Bärenquell Brauerei - Zustand und Entwicklung des Geländes und der Gebäude

Das Gelände der Bärenquell Brauereiwar lange in privatem Besitz und sollte wohl mit eine Bau- oder Möbelmarkt bebaut werden. Die Pläne dafür waren schon recht weit fortgeschritten, einige der zwischen 1882 bis 1902 errichteten Gebäude sollten für eine solche Neubebauung aus dem Denkmalschutz entlassen und abgerissen werden. Das passierte aber zum Glück nicht, da der letzte Eigentümer angehalten wurde, bis 2015 ein neues Nutzungskonzept vorzulegen, was er aber nicht tat. Stattdessen wurden die Grundstücke wieder veräußert.

Das Areal befindet sich in einer Lage und in einem Bebauungszustand, das viele Möglichkeiten offen läßt. Verschiedenen Architektenteams wurden befragt, die jeweils ihre eigenen Ideen und Möglichkeiten zur Projektentwicklung und Gestaltung einbringen. Eine Zwischennutzung des Areals oder einzelner Teilbereich und Gebäude ist denkbar. Der Flächennutzungsplan sowie das vom Bezirk herausgegebene Einzelhandelsentwicklungskonzept schreiben eine Einzelhandelsnutzung vor, die erstens nicht zentrenrelevant sein sollte und zweitens den Denkmalschutz berücksichtigen muss.

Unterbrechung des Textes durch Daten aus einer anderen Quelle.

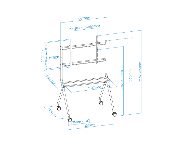 Colocación soporte: Suelo movil Color Del Producto: Negro Pulgadas Desde: 50 Pulgadas Hasta: 80 Tipo Soporte: SUELO Vesa: Si

Trotz der vielen negativen Schlagzeilen der letzten Jahre bieten die Gebäude auf dem Brauereiareal viel Potential. Die Anlagen sind weitläufig, die Gebäude meist erhaltenswert und eine Instandsetzung scheint oftmals möglich. Wie die Anlagen im Speicherhafen Hamburg sind die Gebäude in rotem Backstein gehalten und bilden eine imposante Erscheinung, einen Blickfang, der bei entsprechender Planung nachhaltig und lohnend genutzt werden kann.